In research, how do we know if there’s a statistically significant difference? That’s where the use of statistical methodology comes in to play. Scientists use statistical tests to examine the differences between the two groups to see how likely it is that those results could have been derived by chance. For example, if we flip a coin 20 times and get 12 heads, how likely is that? If two people each flip a coin 20 times and one person (let’s call her “control”) records 13 heads and another person (let’s call him “experimental”) gets 10, are those results what we could normally expect, given the odds of getting these results by chance?

It’s not as simple as it looks. We can’t just say the two groups need to have a difference of, say, 10% in order to have a significant difference. This is because the results could be grouped together. For example, if we are comparing a control group that receives a placebo, and the experimental group receives a new high-tech drug to increase the rate of hair growth, then we can measure the hair growth in each group and compare them. So if the average growth of hair in the control group is 10 cm and the average growth in the intervention group is 12 cm we don’t know if the difference is meaningful or due to factors of chance. One factor that comes into play is how “spread out” the rates of growth are between members of the two groups. We might have a significant overlap between actual growth rates of members in the two groups.

An average of 10cm vs. an average of 12cm might look almost the same, however, if the two groups are spread out widely. And having 4 people in each group is different from having 1000 people in each one.

The “spread-outness” of the data has a name: we call it *variance* or *standard deviation* (standard deviation is the square root of the variance, so these are related closely enough statistically that we can use them interchangeably). Statistical formulae that are used to determine whether the difference between two groups is statistically different must account for the number of people in each group, the variance, and the actual difference between the averages for the groups.

But we have to back up just a second and talk about “hypothesis testing.” The scientist has a null hypothesis and an alternate hypothesis.
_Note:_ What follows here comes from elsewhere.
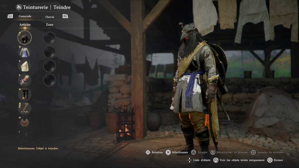 Pour personnaliser, teindre son équipement à travers Crimson Desert, il n’y a rien de bien compliqué. En effet, vous allez pouvoir débloquer ce petit plus via une quête donnée par Naira, qui trouve que les couleurs du camp sont bien trop moroses, ou bien en vous rendant directement à un teinturier : il y en a un au sud d’Hernand.

The scientist begins with the null, which in this case is “There is no difference between the control group and the experimental group.” The alternate hypothesis, then, would be “there is a significant difference between the two groups” (and therefore the intervention has an effect). If the researcher finds a statistically significant difference between the two groups, he or she rejects the null and accepts the alternate hypothesis. But if the researcher fails to find a difference between the two groups, then the only conclusion that can be made is that “all possibilities remain.”

[OK. End of academic speak. What it really means when “No significant differences were found.”]

The trick is what happens when the differences between the groups aren’t large enough to find a statistically significant difference. Perhaps the two groups overlap too much, or there just aren’t enough people in the two groups to establish a significant difference; when the researcher fails to find a significant difference, only one conclusion is possible: “all possibilities remain.” In other words, failure to find a significant difference means that nothing was found. So it means nothing. Really.